The urllib2.urlopen function deals with eventual redirection to a different page location, which is why the function returns both the soup and the "actual" URL. This "realurl" should be used in any subsequent substitution / absolutizing of URLs inside the page as this is where the page actually is.
def opensoup (url):
"""
returns (page, actualurl)
sets user_agent and resolves possible redirection
realurl maybe different than url in the case of a redirect
"""
request = urllib2.Request(url)
user_agent = "Mozilla/5.0 (X11; U; Linux i686; en-US; rv:1.8.1.14) Gecko/20080418 Ubuntu/7.10 (gutsy) Firefox/2.0.0.14"
request.add_header("User-Agent", user_agent)
pagefile=urllib2.urlopen(request)
soup=BeautifulSoup.BeautifulSoup(pagefile)
realurl = pagefile.geturl()
pagefile.close()
return (soup, realurl)
Example Usage
import urllib2, BeautifulSoup
def opensoup (url):
"""
returns (page, actualurl)
sets user_agent and resolves possible redirection
realurl maybe different than url in the case of a redirect
"""
request = urllib2.Request(url)
user_agent = "Mozilla/5.0 (X11; U; Linux i686; en-US; rv:1.8.1.14) Gecko/20080418 Ubuntu/7.10 (gutsy) Firefox/2.0.0.14"

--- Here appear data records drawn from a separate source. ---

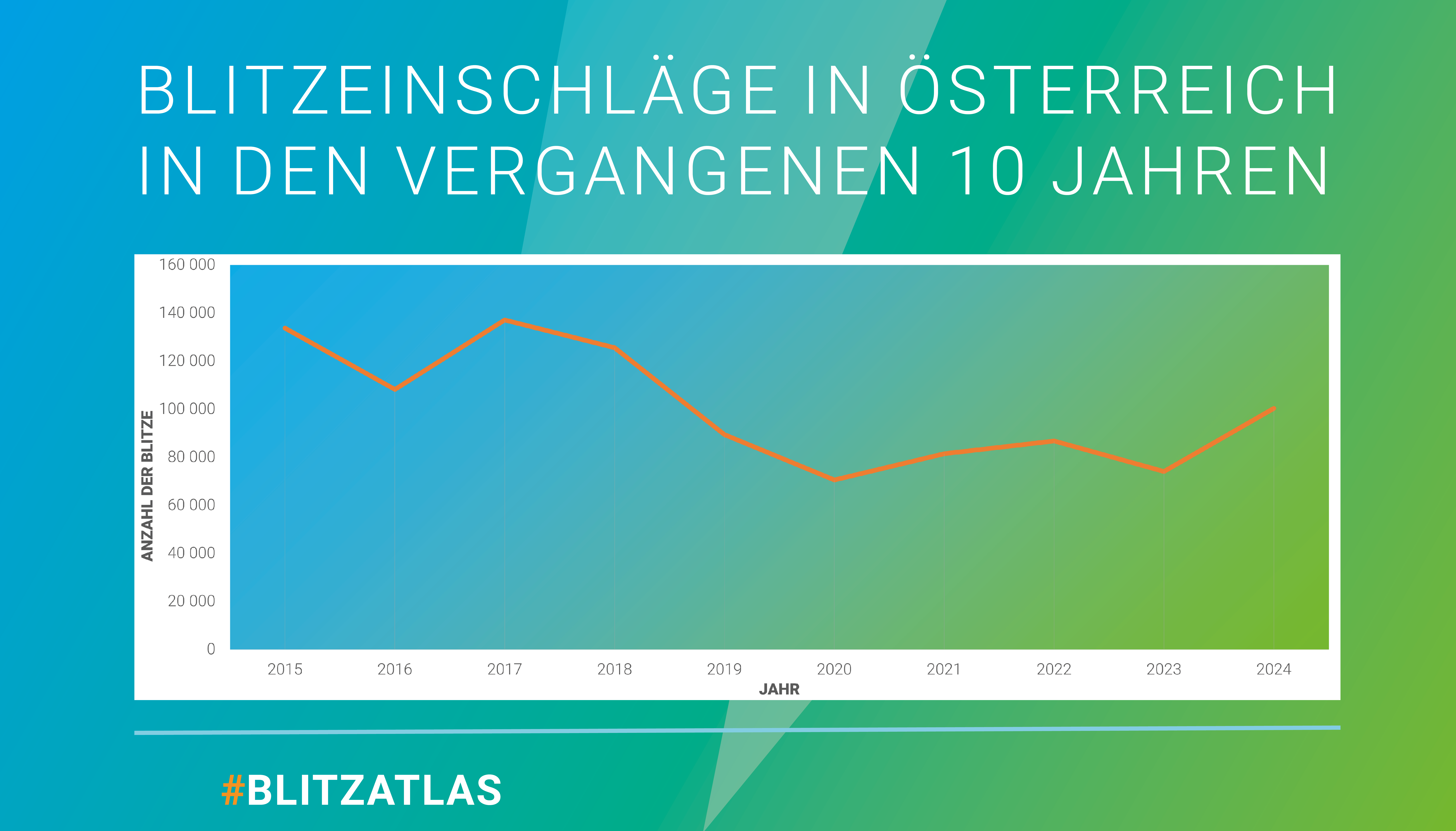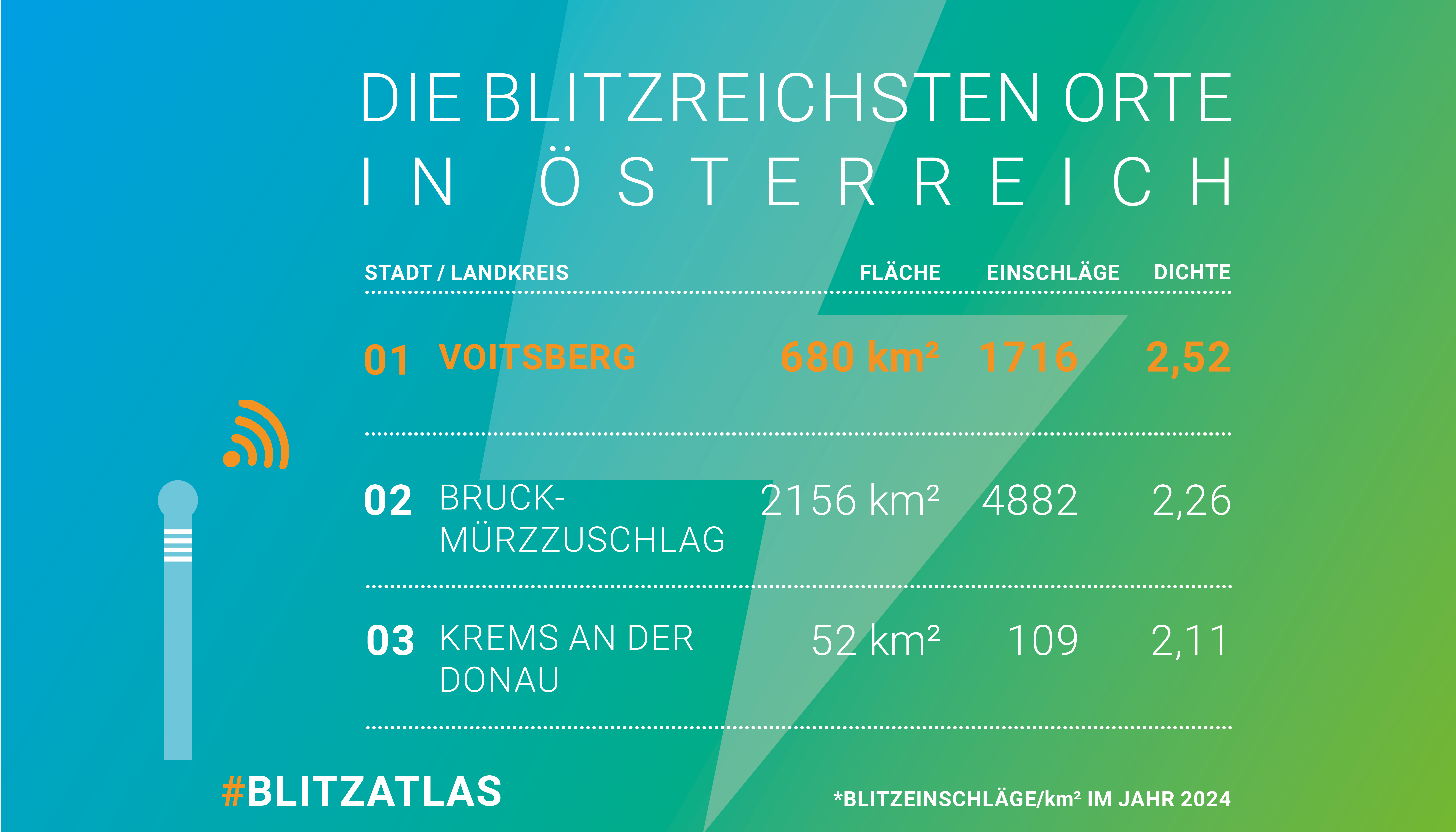 Mit 2,52 Blitzeinschlägen pro Quadratkilometer und Jahr liegt Voitsberg an erster Stelle bei der Blitzdichte, gefolgt von Bruck-Mürzzuschlag (2,26) und Krems an der Donau (Stadt) (2,11). Die geringste Blitzdichte ermittelte der Blitz-Informationsdienst in den Bezirken Steyr (Stadt) mit 0,26 Blitzereignissen pro Quadratkilometer und Jahr sowie in Perg (0,33) und Feldkirch (0,42). Die höchste Blitzdichte unter den Bundesländern verzeichnete wie in den letzten Jahren die Steiermark mit 1,63.
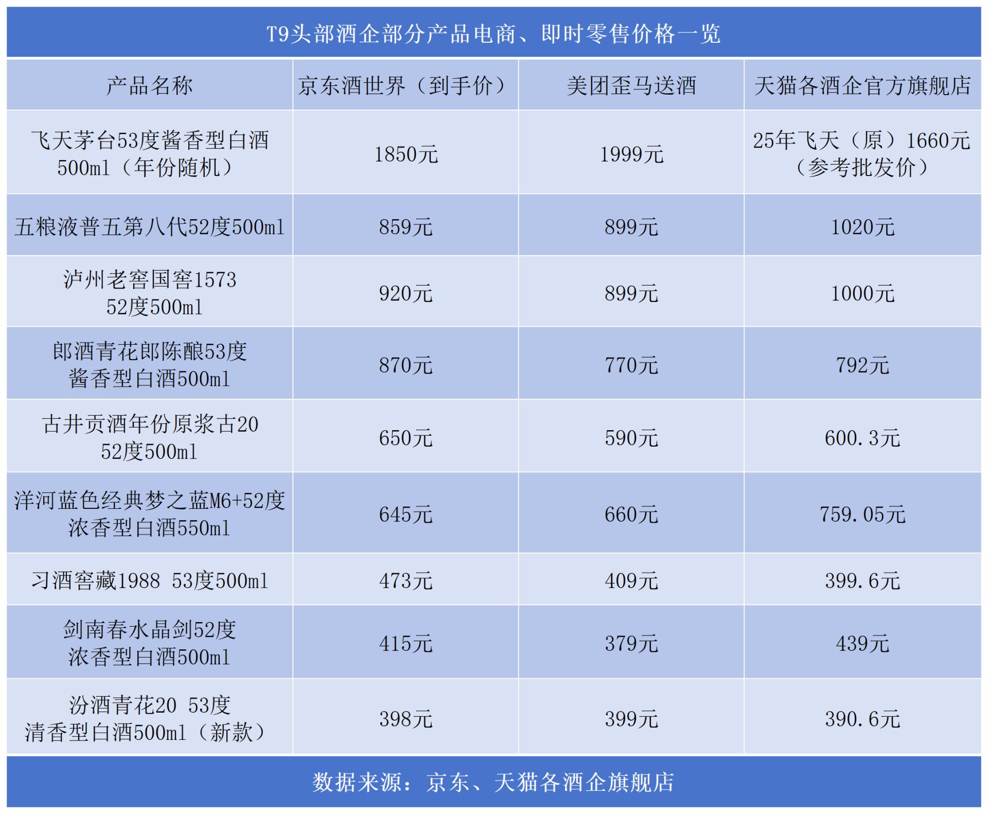 记者近日对比T9头部酒企部分产品电商、即时零售平台的价格发现,在即时零售平台上,飞天茅台、五粮液、泸州老窖等大部分名酒的价格普遍低于天猫各酒企官方旗舰店,差价大概在几十元到百元。
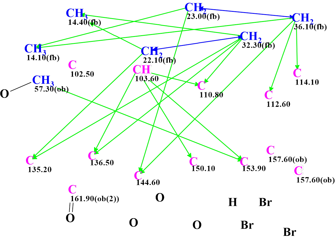 The IR spectrum of compound 1 (Figure 2) exhibits a strong absorption band at 1690 cm-1 which is characteristic to the stretching vibrations of the carbonyl group. Therefore, a double bond was manually drawn from the carbon atom C161.9 to the oxygen atom. The chemical shift value suggests that the carbonyl is an ester. Based on this, the C161.9 atom was supplied with the ob(2) label which indicates that two heteroatoms (in this case, two oxygen atoms) should be attached to the C161.9 atom. Given the presence of five oxygen atoms in the molecule, the “ob” label was assigned to the two C157.6 atoms. Note that both these atoms have no correlations in the HMBC, which hinders structure elucidation.
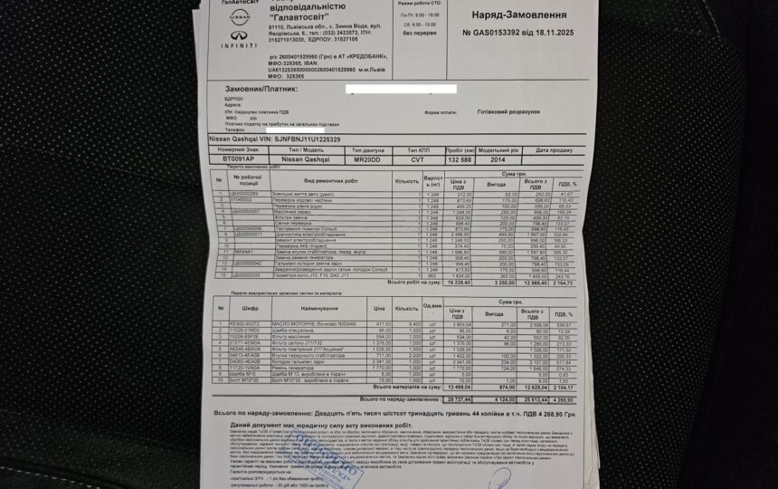 1 т.км тому пройдене ТО у офіційного дилера.
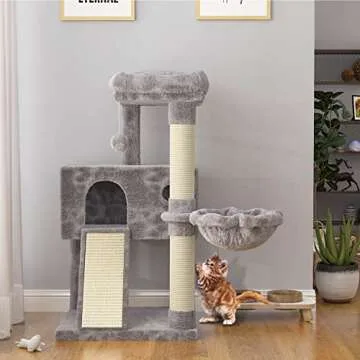 SHA CERLIN Cat Tree 36 Inches Cat Tower with Hammock, Sisal Scratching Post for Indoor Kittens, Small Room, Grey
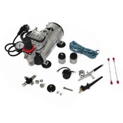 Dieses Kompressorset ist für die Verwendung mit Airbrush und kleinen Spritzpistolen konzipiert. Dieses hochwertige Airbrush-Set ist ideal geeignet für alle Arten von Modelbau, Spray Tanning, Modellieren, Kosmetik, Tattoos, T-Shirts, Fingernägel, Fahrradhelm und viel mehr!Das Set besteht aus einem Airbrush Kompressor, 2 Airbrush-Pistolen und weiteren umfanreichem Zubehör:1 x Mini Kolbenkompressor Hohwertiger ölfreier Kolbenkompressor mit Monometer, Druckluftregler, Luftfilter. Der Kompressor ist verwendbar für alle Airbrushpistolen mit 0,2~1,00 mm Düsen.Funktionen und MerkmalePortable & leichtThermisch geschutzGeräuscharm Verstellbare DruckluftÖlfrei Abschaltautomatik* Luftdruckmesser, Luftregler und LuftfilterBeginnt mit DruckDurchgehende kraftvolle Arbeit2. Airbrush Spritzpistole mit Single Funktion-7 tlg. SetAirbrush Spritzpistole mit 0,8mm Düse für verschiedene Airbrushenmöglichkeiten. Geeignet für alle Arten von Modelbau, Kosmetik, Tattos, Lackierungen, Illustration und viel mehr! Ideal für grobes Arbeiten: z.B Grundierungen, Hintergründe usw..3. Airbrush Spritzpistole mit Double Funktion-9 tlg. SetDas gesamte Set beinhaltet eine feine Kopf-Airbrush, 5 Fuß. Vinyl-Schlauch, 2 Unzen Jar, mit Deckel, angebracht 3/4 Unzen, ein Schraubenschlüssel, ein Antriebsregler und ein Adapter (1/4 ”-Luftschlauch vom Kompressor zum kleineren Luftbürste Schlauch)4. 3-fach Schlauchverbindungsstück inkl. 2 StopperDer Verbinder kann direkt mit dem Kompressor oder zwischen dem Kompressor und den Pistolen verbunden werden, wodurch bis zu 3 Verbindungen gleichzeitig möglich sind.Komplettes Lieferumfang: 1x Mini Kolbenkompressor mit Druckluftregler, Luftfilter, Monometer, Originalverpackung, 1x Airbrush Spritzpistole mit Single Funktion- 7 tlg.-Set in Aufbewahrbox, 1x Airbrush Spritzpistole mit Double Funktion- 9 tlg.-Set in Aufbewahrbox, 1x 3-fach Schlauchverbindungsstück inkl. 2 Stopper, Bedienungsanleitung in Englisch und Deutsch
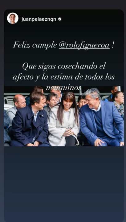 A través de su cuenta de Instagram, Figueroa compartió las expresiones de afecto recibidos por parte de importantes representantes de la política neuquina.
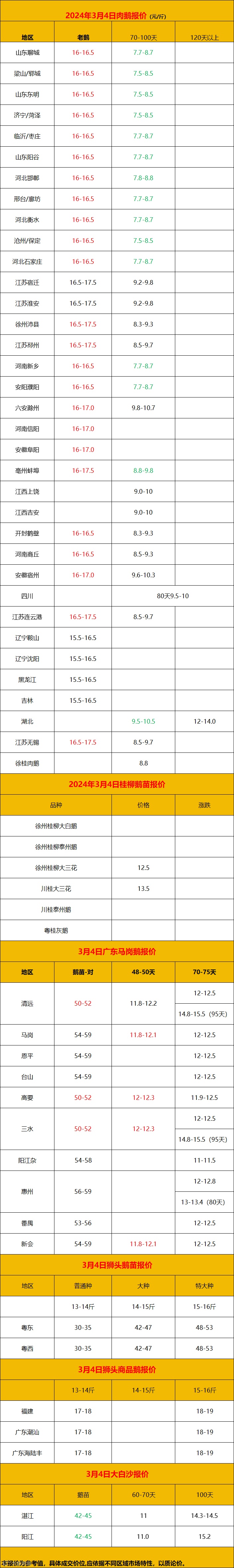 廊坊唐山:一年三花种蛋5.1-5.3 泰州-种蛋4.5-4.8
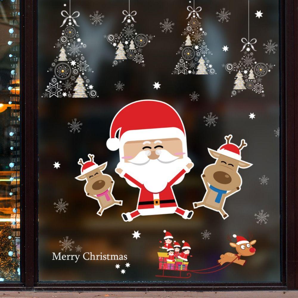 PVC Christmas Window Glass Stickers DIY Snowflake Wall Stickers Creative Santa Claus Decal Window
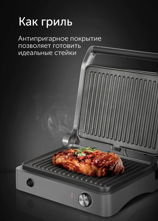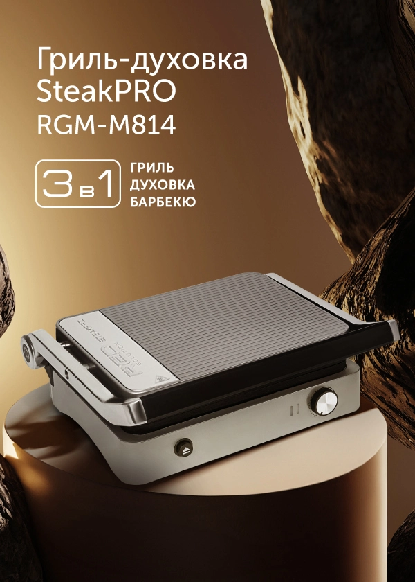 Гриль RED SOLUTION RGM-M814 — универсальное устройство 3 в 1 c механическим управлением, которое объединяет в себе функции:

request.add_header("User-Agent", user_agent)
pagefile=urllib2.urlopen(request)
soup=BeautifulSoup.BeautifulSoup(pagefile)
realurl = pagefile.geturl()
pagefile.close()
return (soup, realurl)
(soup, url) = opensoup("http://pzwart.wdka.hro.nl")
# print soup.prettify()
for link in soup.findAll("a"):
print link
Replace the contents of a tag
A function to replace the contents of a tag:
import BeautifulSoup
soup = BeautifulSoup.BeautifulSoup("<ul><li>one</li><li>two</li></ul>")
def setcontents (tag, val):
# remove previous contents
for c in tag.contents:
c.extract()
# insert the new
tag.insert(0, val)
items = soup.findAll("li")
for item in items:
setcontents(item, "foo")
print soup.prettify()
Wrap one (existing) tag inside of another (newly created) tag
import BeautifulSoup
def wraptag (tag, wrapper):
# <tag>contents</tag> ==> <wrapper><tag>contents</tag></wrapper>
tagIndex = tag.parent.contents.index(tag)
tag.parent.insert(tagIndex, wrapper)
wrapper.insert(0, tag)
# TEST CODE
soup = BeautifulSoup.BeautifulSoup("<ul><li>one</li><li>two</li></ul>")
items = soup.findAll("li")
for item in items:
div = BeautifulSoup.Tag(soup, "div")
wraptag(item, div)
print soup.prettify()
Code Questions
When "absolutizing", how to patch url's in stylesheets.